Look up what a Mosin Nagant does to cinderblock. Thats a cheap $100 rifle, in a 30.06. It cuts through cinder blocks like butter. Nice castle, shame real castle builders used stones not cinderblocks.


----------



## LincTex (Apr 1, 2011)

Cabowabo said:


> Look up what a Mosin Nagant does to cinderblock. Thats a cheap $100 rifle, in a 30.06


Well, it isn't a .30-06 but it is ballistically very similar.

I didn't see it - are the cinderblocks hollow? Even a big rock from a strong slingshot will knock holes in cinderblocks!


----------



## LincTex (Apr 1, 2011)

It looks like they have some pretty girls lined up to bring in with them!

http://channel.nationalgeographic.com/channel/doomsday-castle/


----------



## smaj100 (Oct 17, 2012)

Can you imagine what a 50bmg or muzzle loaders would do to that cinder block.... and the shrapnel coming off the other side would be pretty ugly.

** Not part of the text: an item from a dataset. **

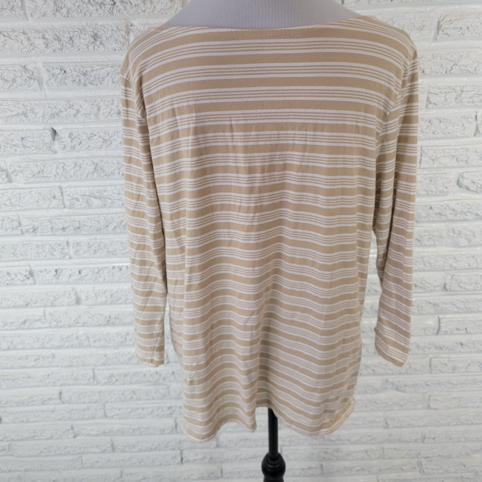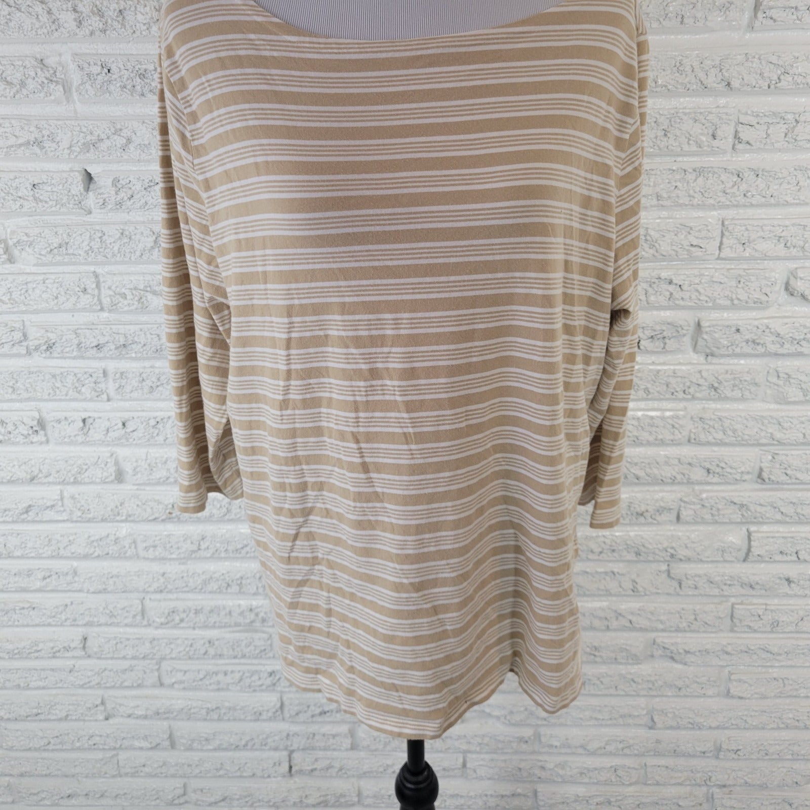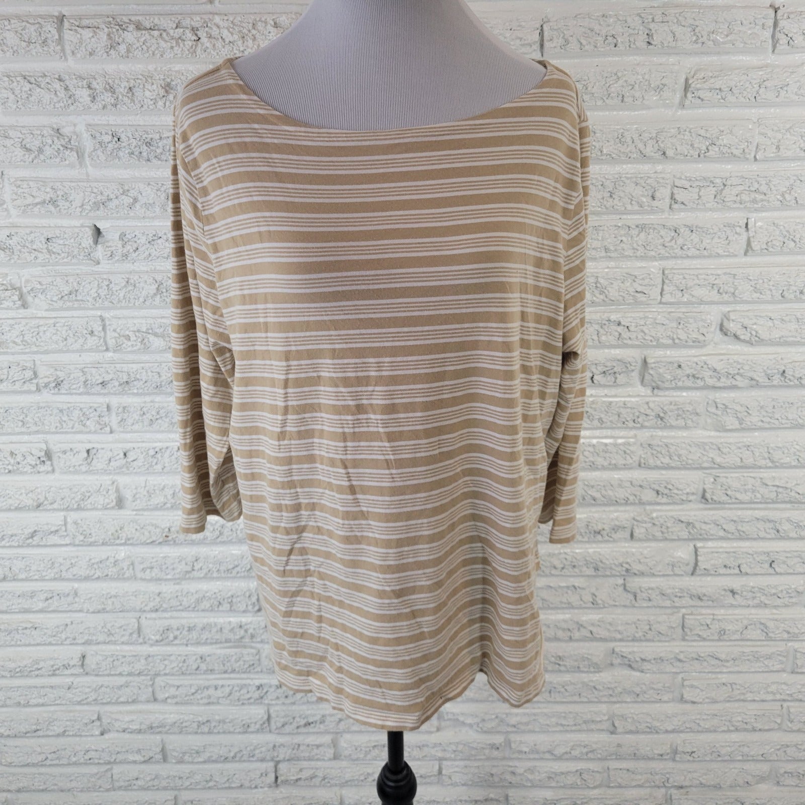 Rafaella Women Top 2X Plus Tee 3/4 Sleeve Beige Stripe Cotton Blend Casual Comfy
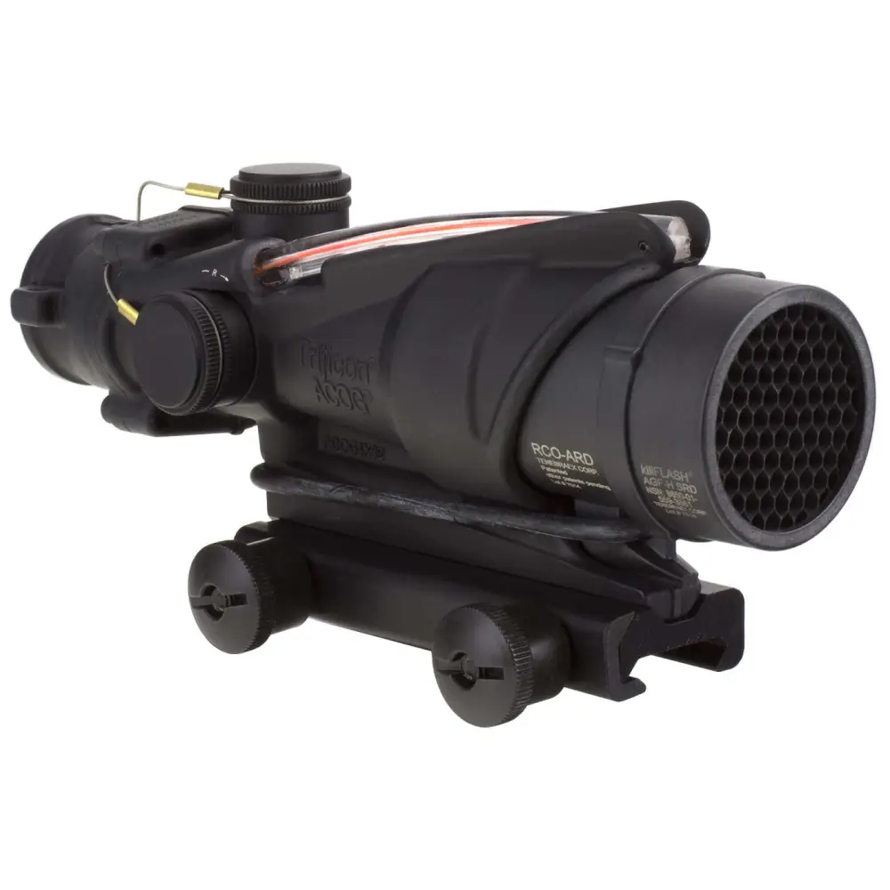 The ACOG is internally-adjustable, compact telescopic sights with Tritium-illuminated reticle patterns for use in low light or at night. It combines traditional, precise distance marksmanship with close-in aiming speed. This model is designed for use with the M16 family, every feature of its mechanical and optical design was chosen for a single purpose: to provide increased hit potential in all lighting conditions, without failure prone batteries.

Now if you lined the lower part of walls with ar500 steel or some equivalent material might be ok.... I still think multiple well placed shots and structural things start to go way wrong.

Let alone lets tell everyone where we are...... They have obviously never seen anyone take a still shot from a video and past that still into google picture search!! It's pretty amazing what you can find.......


----------



## Genevieve (Sep 21, 2009)

LincTex said:


> It looks like they have some pretty girls lined up to bring in with them!
> 
> http://channel.nationalgeographic.com/channel/doomsday-castle/


pretty is as pretty does hun.

can they run a trot line? can they clean what they catch? can they cook what they catch?
can they field dress an animal that they killed? can they bring it back and then clean it and cook it or preserve it for later?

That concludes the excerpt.